I just received a call from the Presas family. It is my sorrowful duty to announce to all Kombatan practitioners, all IPMAF members, and all my fellow FMA practitioners, that Great Grandmaster Ernesto Amador Presas passed away in his sleep today in Manila (Nov. 1, 2010 in the Philippines, October 31 here in the States). 

I spoke with Mercy (Mrs. Presas). All she can say right now is that GGM's body will be brought back to Hinigaran. I will announce dates and times as funeral arrangements are made.

To my teacher, my mentor, and my friend, Thank you for all you've done for me, for our people, and for martial art practitioners the world over.

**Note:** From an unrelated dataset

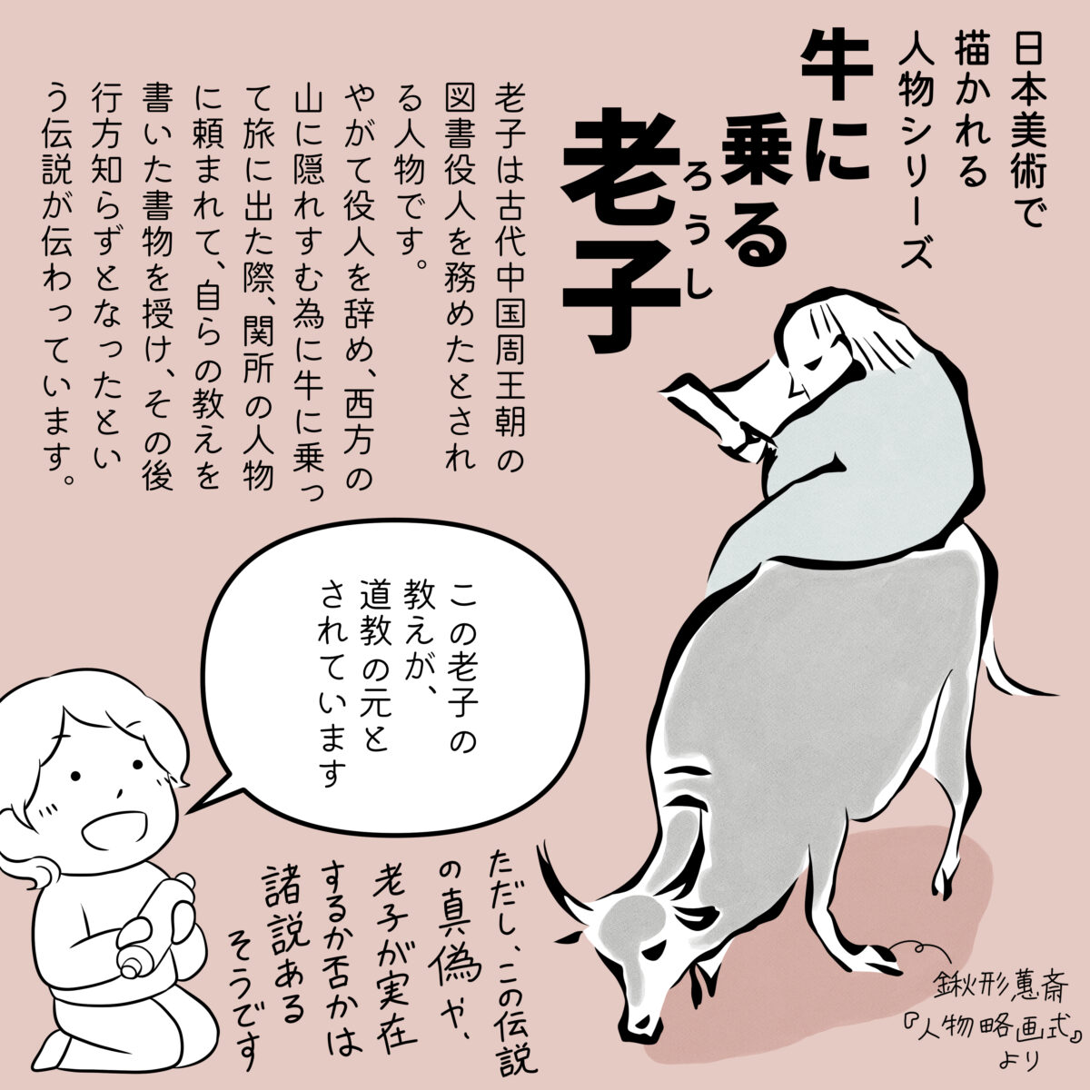 日本美術の掛軸や屏風などで描かれる人物シリーズ。今回は老子(ろうし)についてです。

Alex(ander Bautista Bayot France)
Email: AlexFranceSr@gmail.com
Cell: (925) 864-7477


----------



## Bob Hubbard

MT Memorial Thread:
http://www.martialtalk.com/forum/showthread.php?t=91318


----------



## blackdiamondcobra

Rip


----------



## Drac

R.i.p


----------



## pakyon

R.I.P.  

Ernesto's close family friends the Urbano's always spoke with much love in their eyes when they told me stories about growing up with the Presas Brothers in the PI...


----------



## seasoned

.


----------



## graywolf

This is very sad news for all the martial arts family..."Any man's death diminishes me because I am involved in mankind."...John Donne
Codially, Howard Vanderbeck


----------



## Mider1985

R.i.p.


----------